My son was offered a sample of food at a local market. He took a bite and whispered that’s horrible and looked like he was going to spit it out on his plate while he was standing near the sample stand. I said, “NO, don’t spit it like that” I grabbed a napkin and told him to step away from people and he discreetly put it in the napkin. I gave him a quick mom lecture on manners. Then my daughter came up to us. She said “try this” while tossing food in my mouth. My first reaction was the same as my son. I needed to spit it out! He grabbed a napkin and I went around the isle to try to discreetly spit it out.
My son said “told you so” Funny guy! Why would I open my mouth to anything after I saw my son spit food? I will never know…

A confession

I have had money and had no money. Having money was better.
The film business has a lot of twists and turns. Sometimes there is work, sometimes there isn’t. About a year ago in one of my phases of having no money I was working nights at a very nice restaurant to feed my kids until things got better. An older man came in and ate and then came over to the front door where I was standing and chatted with me. We had a little conversation and he reached his hand out to shake mine as he was leaving. As he shook my hand he simultaneously gave my butt a pat and slipped money in my hand. Out the door he raced. I looked in my hand and there was a hundred dollar bill. I was a little stunned. I was offended that he just grabbed my butt and I was shocked that he slipped a hundred in my hand and raced away. This is my blog confession. I could have caught up with him and confronted him but I didn’t say a word. I slipped the hundred in my pocket. I really needed the money. I never saw the man again and I never told anyone until now. I always felt guilty about that.

Mom I’m going to puke

My daughter had been telling me she wasn’t feeling well. She was resting on the couch all day. She walked over to me and said “I’m sick” and I knew she was going to puke, NOW. She was standing at a doorway. On one side of her was carpet. The other side was hardwood. I quickly turned her toward the hardwood.
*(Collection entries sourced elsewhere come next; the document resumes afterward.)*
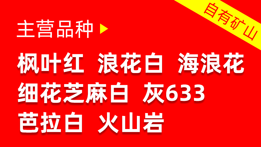 主营:拥有矿山开采权、枫叶红,浪花白,海浪花,芭拉白,火山岩,中国黑,细花芝麻灰633,粉红麻,…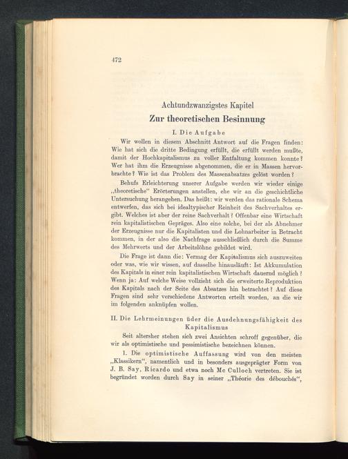 Die Frage ist dann die: Vermag der Kapitalismus sich auszuweitenoder was, wie wir wissen, auf dasselbe hinausläuft: Ist Akkumulationdes Kapitals in einer rein kapitalistischen Wirtschaft dauernd möglich ?Wenn ja: Auf welche Weise vollzieht sich die erweiterte Reproduktiondes Kapitals nach der Seite des Absatzes hin betrachtet? Auf dieseFragen sind sehr verschiedene Antworten erteilt worden, an die wirim folgenden anknüpfen wollen.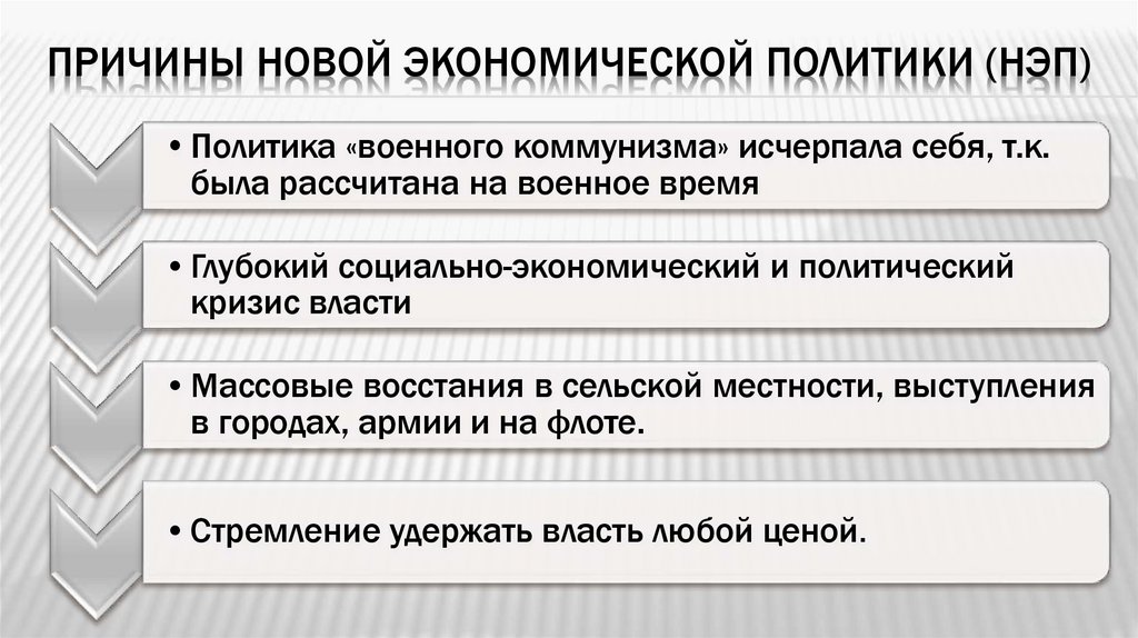 ПРИЧИНЫ НОВОЙ ЭКОНОМИЧЕСКОЙ ПОЛИТИКИ (НЭП)•Политика «военного коммунизма» исчерпала себя, т.к.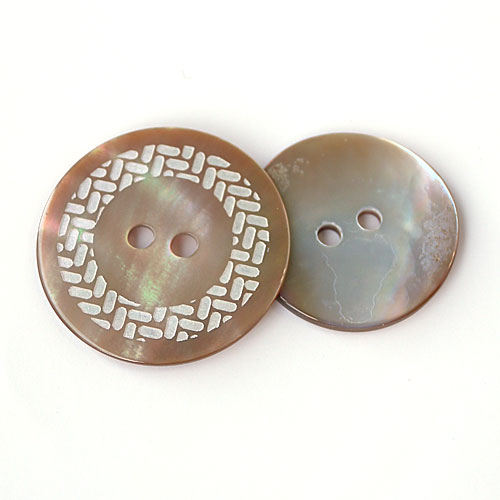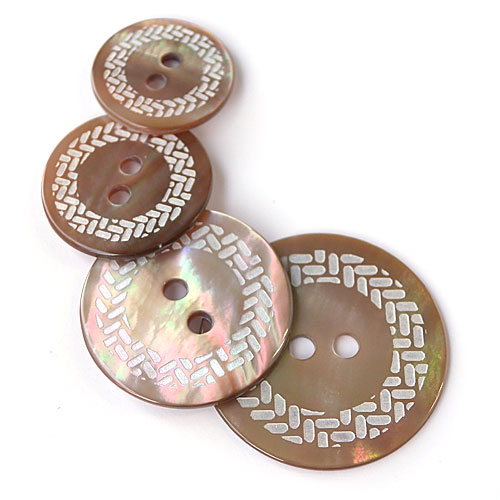 天然素材の貝ボタンに、月桂のような模様を彫刻で施しました。
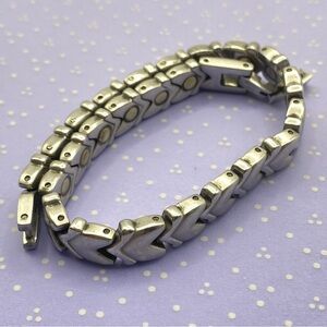 Magnetic Therapy Stainless Steel Bracelet Chevron Design Gender Neutral. Bracelet with foldover clasp. Measures approx 8" and is gender neutral style, very nice and clean, strong magnets, no tarnish or discoloration. #24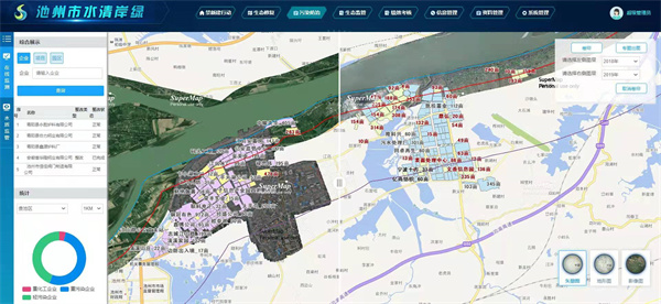 池州水清岸綠項目應(yīng)用高分系列的衛(wèi)星遙感數(shù)據(jù),利用定期更新的高分辨率遙感衛(wèi)星數(shù)據(jù)對企業(yè)狀態(tài)進(jìn)行高頻次監(jiān)管,滿足各級行政單位數(shù)據(jù)查詢、統(tǒng)計。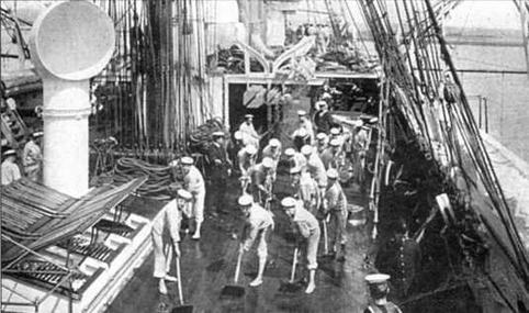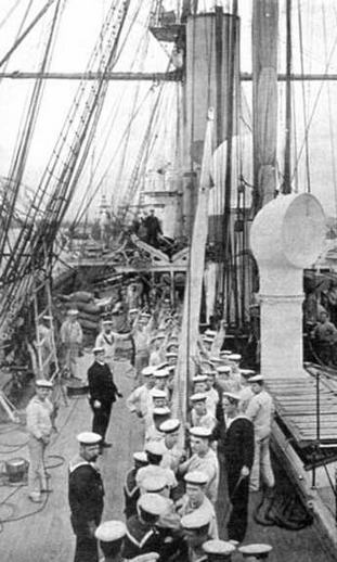 Вид на верхнюю палубу "Каллиопы" с установленными на ней 5-дюймовыми орудиями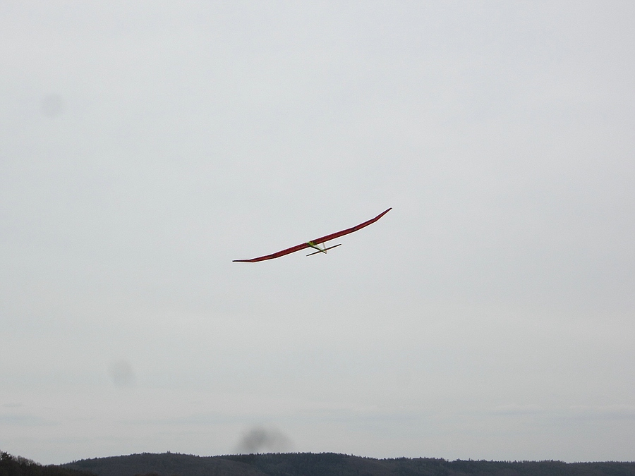 Der mit FLZ-Vortex ermittelte Schwerpunkt von 92 mm für ein Stabilitätsmaß von 13 % hat für die heutigen Verhältnisse mit ~ 3 Bft am flachen und baumbestandenen Hang sehr gut gepaßt. Tobi meinte bei ruhigerem Wetter kann noch ein bisschen Blei aus der Nase, aber das liegt voll im Bereich der Pilotengewohnheiten. Hochstart haben wir noch nicht probiert, es ist auch noch kein Haken drin gewesen.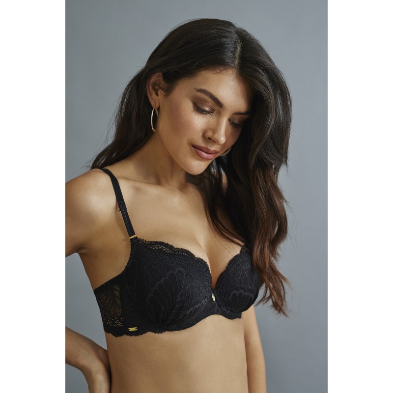 Soutien modelador essencial. Efeito surround. Estética muito cuidada e ultra feminina. A sua renda evoca a natureza das folhas, tornando-a uma peça de roupa elegante e ousada.
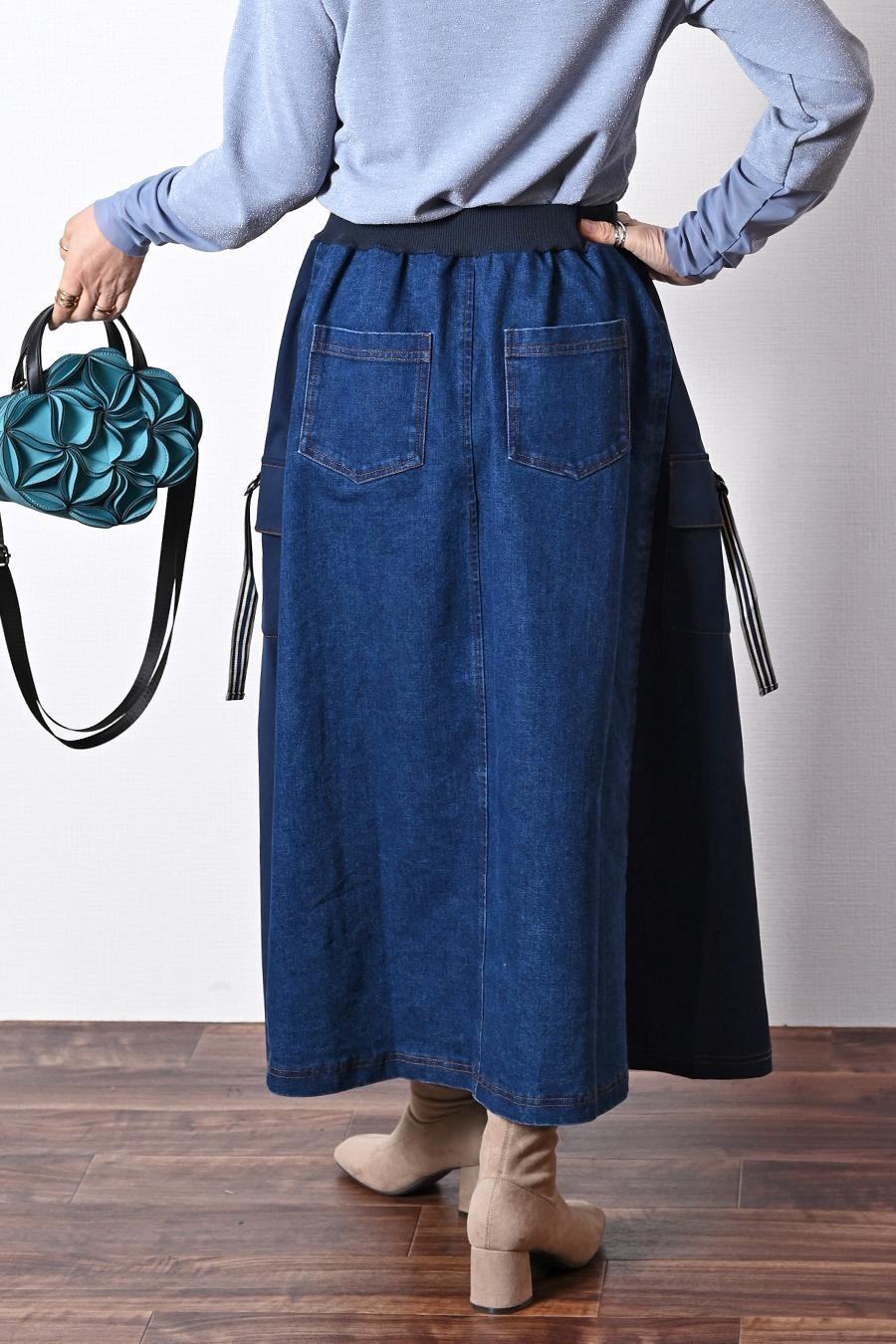 ウエストゆったり最大100㎝!サイドポケットデニムスカート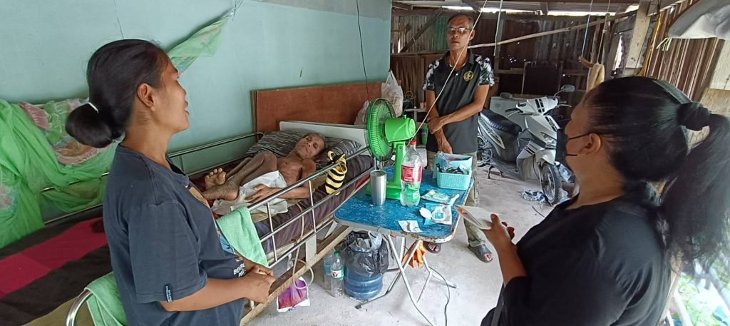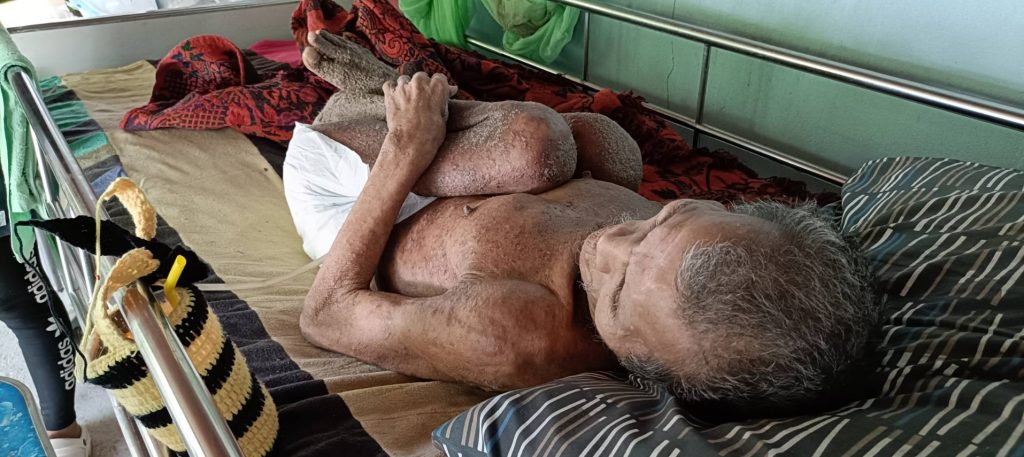 ซึ่งช่วงนั้นก็นำพ่อไปฝากที่ศูนย์ดูแลผู้สูงอายุ แต่เมื่อประมาณ ต้นปีที่ผ่านมาทางศูนย์ฯให้รับพ่อกลับมาดูแลที่บ้าน ซึ่งช่วงนั้นขาของพ่อก็ยังไม่ได้มีอาการงอ แต่อย่างใดยังสามารถที่จะยืดหดขาได้ แต่มีอาการเป็นสะเก็ดขึ้นที่ขาและเริ่มลอกออกมา ตนก็ทำได้แต่เพียงทาครีมให้เพราะคิดว่าผิวแห้ง แต่ต่อมาก็เริ่มลามขึ้นมาเรื่อยๆ จนตอนนี้มาขึ้นที่มือทั้งสองข้าง ซึ่งตนก็ไม่รู้ว่าเป็นโรคอะไรอยากจะพาพ่อไปรักษาก็ไม่มีเงิน ตอนนี้อาการของพ่อขาที่เคยเหยียดได้ก็เริ่มงอเข้ามาหาตัวไม่สามารถยืดออกได้

My only thoughts were it’s easier to clean vomit from hardwood than carpet and I knew she wouldn’t make it to the bathroom to puke. So yes, she instantly puked, on the hardwood. Yes, it was much easier to clean but I feel a bit guilty that my first response when I knew puking was immediate and inevitable was to direct it away from the carpet.

Are my kids laughing with me or at me?

I was watching TV with my kids. I had the remote and I was flipping through the guide.

Me-Hey, kids let’s watch Expendables 2. I didn’t know they had a two.
Son-You would let us watch that?
Me-Sure, why not?
Son-Really, we could watch it?
Me-Why not. We saw the first Expendables.
Daughter-No, we didn’t.
Me-Yes, we did. Remember that family, in the super hero suits. The mom was elastic and stretchy and the dad was super strong. We have seen that a million times.

Both kids burst into laughter!

Son-That was The Incredibles, mom. NOT The Expendables.
Daughter-Big difference.
Me-Yep, big difference.

We laughed!
Me-You are laughing with me not at me right?
Daughter-Nope, we are laughing at you.